Notebook demonstrating the addition of data segmented with proseg

Contents

Notebook demonstrating the addition of data segmented with proseg #

## The following code ensures that all functions and init files are reloaded before executions.
%load_ext autoreload
%autoreload 2

from pathlib import Path
from insitupy import InSituData, CACHE

Load data#

insitupy_project = Path(CACHE / "out/demo_insitupy_project")
xd = InSituData.read(insitupy_project)
xd.load_all()

xd

InSituData
Method:		Xenium
Slide ID:	0001879
Sample ID:	Replicate 1
Path:		C:\Users\ge37voy\.cache\InSituPy\out\demo_insitupy_project
Metadata file:	.ispy
    ➤ images
       nuclei:	(25778, 35416)
       CD20:	(25778, 35416)
       HER2:	(25778, 35416)
       HE:	(25778, 35416, 3)
    ➤ cells
       MultiCellData with main layer 'main'
           matrix
               AnnData object with n_obs × n_vars = 156447 × 297
               obs: 'transcript_counts', 'control_probe_counts', 'control_codeword_counts', 'total_counts', 'cell_area', 'nucleus_area', 'n_genes_by_counts', 'n_genes', 'leiden', 'cell_type_dc', 'cell_type_dc_sub', 'cell_type_tacco', 'cell_type_publ'
               var: 'gene_ids', 'feature_types', 'genome', 'n_cells_by_counts', 'mean_counts', 'pct_dropout_by_counts', 'total_counts', 'n_cells'
               uns: 'cell_type_dc_colors', 'cell_type_dc_sub', 'cell_type_dc_sub_colors', 'cell_type_publ_colors', 'cell_type_tacco_colors', 'counts_location', 'leiden', 'leiden_colors', 'log1p', 'neighbors', 'pca', 'umap'
               obsm: 'OT', 'X_pca', 'X_umap', 'annotations', 'ora_estimate', 'ora_pvals', 'regions', 'spatial'
               varm: 'OT', 'PCs'
               layers: 'counts', 'norm_counts'
               obsp: 'connectivities', 'distances'
           boundaries
               BoundariesData object with 2 entries:
                   cells
                   nuclei
    ➤ transcripts
       DataFrame with shape <dask_expr.expr.Scalar: expr=ReadParquetFSSpec(52e75f9).size() // 8, dtype=int32> x 8
    ➤ annotations
       TestKey:	9 annotations, 2 classes ('TestClass','points') ✔
       demo:	4 annotations, 1 class ('None') ✔
       demo2:	5 annotations, 1 class ('None') ✔
       demo3:	7 annotations, 1 class ('None') ✔
       Demo:	28 annotations, 2 classes ('Tumor cells','Stroma') ✔
    ➤ regions
       demo_regions:	3 regions, 3 classes ('Region1','Region2','Region3') ✔
       TMA:	6 regions, 6 classes ('B-2','A-3','B-1','B-3','A-1','A-2') ✔
       Demo:	3 regions, 3 classes ('Region 1','Region 3','Region 2') ✔

Select small region for demonstration#

xdcrop = xd.crop(xlim=(2700,3000), ylim=(2700,3000))

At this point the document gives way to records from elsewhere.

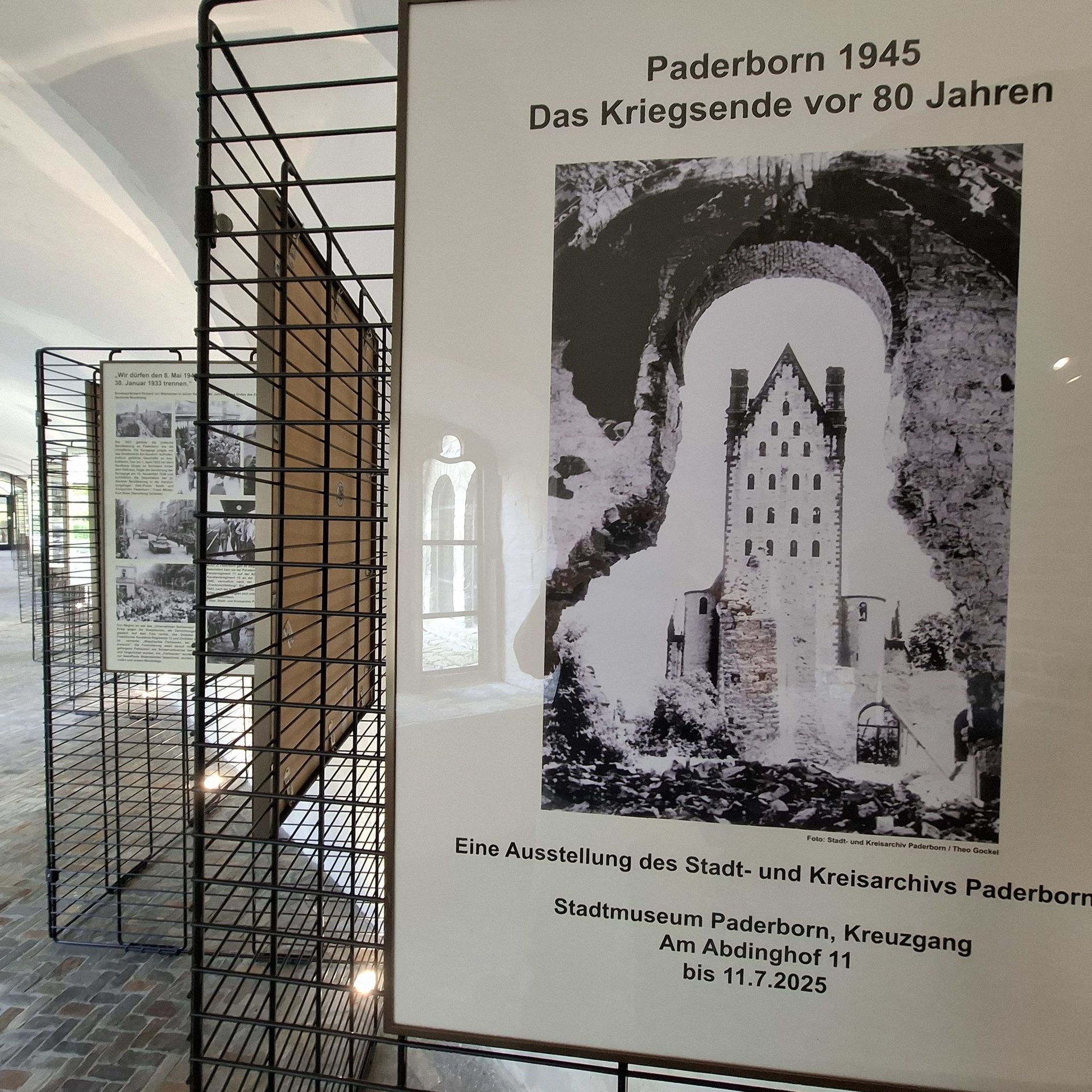 Das Stadt- und Kreisarchiv präsentierte im Stadtmuseum auf 13 Bildtafeln historische Fotos zum Kriegsende in Paderborn. Vor 80 Jahren endete der Krieg für die Stadt Paderborn mit einer großflächigen Zerstörung der historischen Innenstadt; aber auch mit der Befreiung vom NS-Regime durch die britischen Besatzungstruppen. Die Ausstellung dokumentierte die Garnisonsstadt, den Luftkrieg, die Zerstörung, das Leben in den Trümmern und erste Maßnahmen der Trümmerbeseitigung.
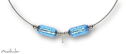 Modula® Halsreif Schmuckseil -105- hellblau (2 Glaszylinder), L: 40 cm Edelstahl 1,4 mm farblos beschichtet, Steckverschluss, Clipkarabiner, Art.-Nr.: 201054005
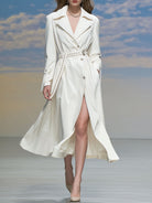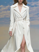 Women's Fashionable And Elegant Rhinestone-embellished Belt Ivory White Lapel Trench Coat
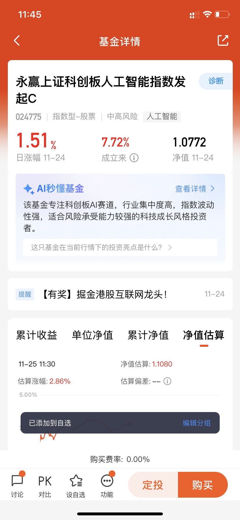 $永赢上证科创板人工智能指数发起C$ 昨天涨了1.51%,这里聚焦科创板AI产业链的指数基金,行业集中度高,科创今日集体反弹,科创AI涨超3%,科创政策红利下,科创板作为资本市场支持科技创新的重要平台,近年来政策支持力度持续增强,随着相关政策利好不断,后市值得期待了!#青禾创作计划#

Export transcripts for proseg#

transcripts_out_path = Path(CACHE / "out/transcripts_for_proseg.csv")
transcripts_out_path.parent.mkdir(exist_ok=True)

# export transcripts as csv
xdcrop.transcripts.to_csv(transcripts_out_path, single_file=True)

['C:\\Users\\ge37voy\\.cache\\InSituPy\\out\\transcripts_for_proseg.csv']

Install proseg#

For installation checkout the installation instructions in the proseg Github repository. In brief, proseg is a Rust package and can be installed using:

cargo install proseg

Run proseg#

output_path = transcripts_out_path.parent / "proseg_results"
output_path.mkdir(exist_ok=True)

import subprocess

# Start the process
process = subprocess.Popen([
    'proseg',
    '--xenium', str(transcripts_out_path),
    '--output-path', str(output_path),
    '--min-qv', str(20),
    '--excluded-genes', "^(Deprecated|NegControl|Unassigned|Intergenic|BLANK|antisense)"
    ], stdout=subprocess.PIPE)

# Continuously read the output
while True:
    output = process.stdout.readline()
    if output == b'' and process.poll() is not None:
        break
    if output:
        print(output.decode('utf-8', errors='replace').strip())

Using 16 threads
Read 109974 transcripts
587 cells
310 genes
Estimated full area: 94627.77
Full volume: 557341.2
Using grid size 123.81886. Chunks: 9

Alternative approach: running Proseg in the terminal#

If the previous cell did not execute successfully (e.g., due to spaces in your file path), you can run Proseg directly from the terminal.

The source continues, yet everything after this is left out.